I guess my area is lucky then, the local art house had something like a 50ft screen last time I visited, with seating for maybe 150 people.
post #34 of 67
Quote:
Originally Posted by Prof. Peabody View Post

Wrong word.

How could his comeback at Apple be considered "infamous" in any way?

Don't no-one use the dictionary around here?
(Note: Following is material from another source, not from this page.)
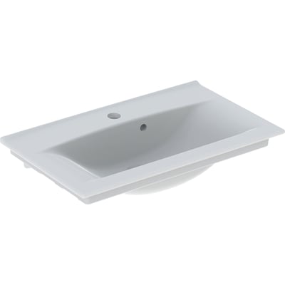 Elegant håndvask fra Ifö med armaturhul i midten, overløb og praktisk fralægningsplads.
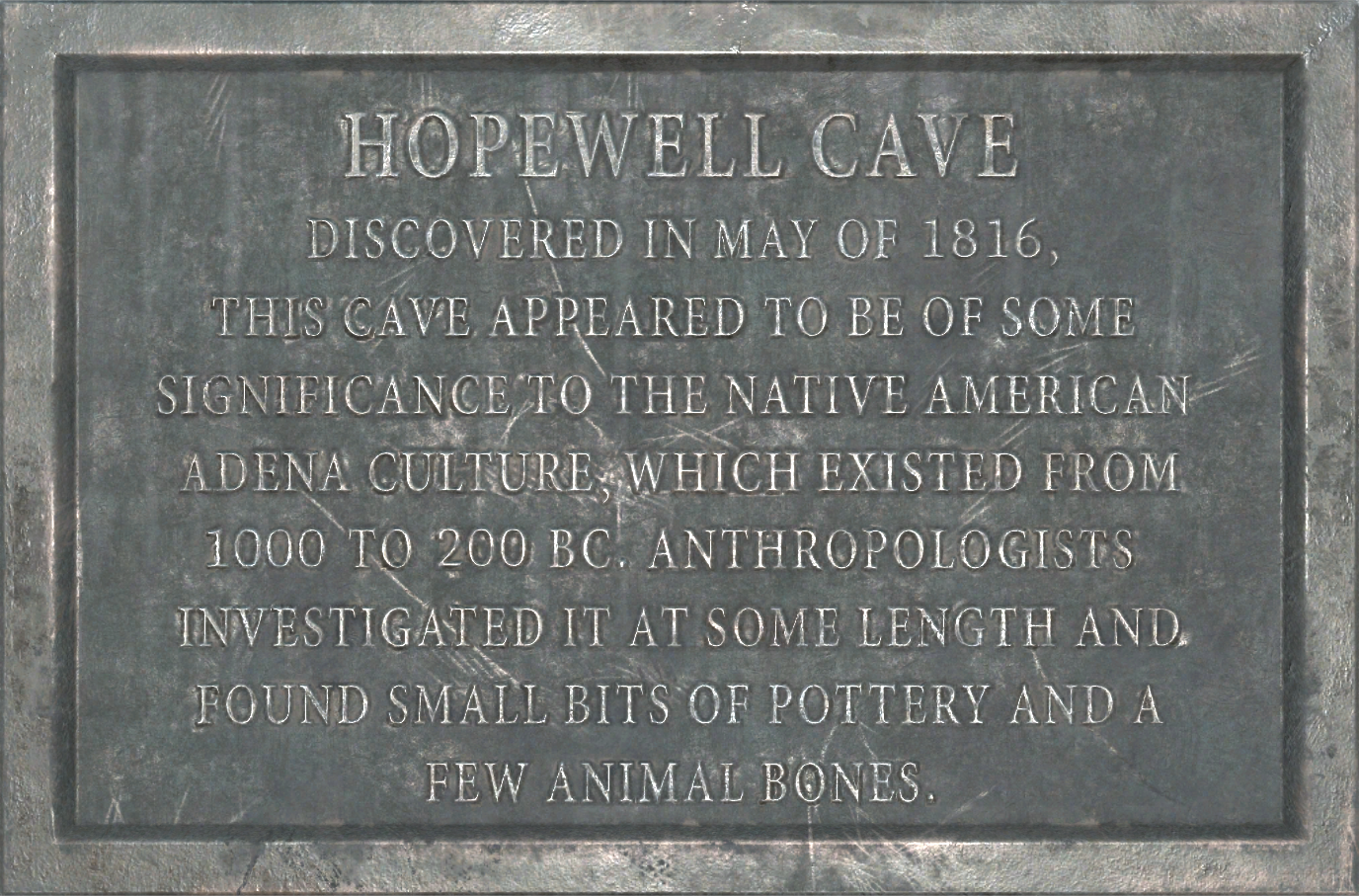 Hopewell Cave was discovered in May 1816. It played some sort of role in the Native American Adena culture, which existed from 1000-200 B.C. One anthropologist speculated that another culture moved the remains of the Adena people to this cave as a form of reverence for them, an unusual practice. He came to this conclusion because of the presence of tools too advanced for the time period in which the Adena were present.[1]

Right, ain't no reason not to use "famous." Thanks for going first.
post #35 of 67
Apparently has it's own website now.

http://www.stevejobsthelostinterview.com/

I suspect, this is just leading up to a DVD or iTunes download.
post #36 of 67
Quote:
Originally Posted by Tallest Skil View Post

Well, here's a 50 minute one.

Excellent.
In 95 I had a Mac Plus with a nifty piece of software that came free with my modem. It could answer the phone, let the user identify him or herself and and so hear a personalized message from me. The Mac would then record the caller's message after which it would call me up at a predetermined number and play back the message. If a stranger answered the phone my Mac would just keep repeating, "Can I speak to Paxman" until someone would get me. I would then dial a code to identify myself. I used it once or twice only but it worked well. In spite of the fact that I already had email of sorts and could go on-line, that combination of hardware and software opened my mind to the future.
post #37 of 67
Just saw Cringley in PBS doc on SJ. He clearly has ax to grind and looks like he has halitosis.
post #38 of 67
Quote:
Originally Posted by prof. Peabody View Post

[infamous]

wrong word.

How could his comeback at apple be considered "infamous" in any way?

Don't no-one use the dictionary around here?

*bump*
post #39 of 67
Quote:
Originally Posted by MJ Web View Post

Just saw Cringley in PBS doc on SJ. He clearly has ax to grind and looks like he has halitosis.

agreed, Dr. Cringely (and the show itself) misrepresented things.
post #40 of 67
Quote:
Originally Posted by Michael Scrip View Post

Too bad iCloud wasn't around back then.

You gotta back it up!

Except that iCloud doesn't sync video.

Clearly, since the tape has been restored, the "presumed lost" hasn't applied for many years. I am guessing they were intentionally sitting on this waiting for Steve to die so they could make as much bank as possible off it.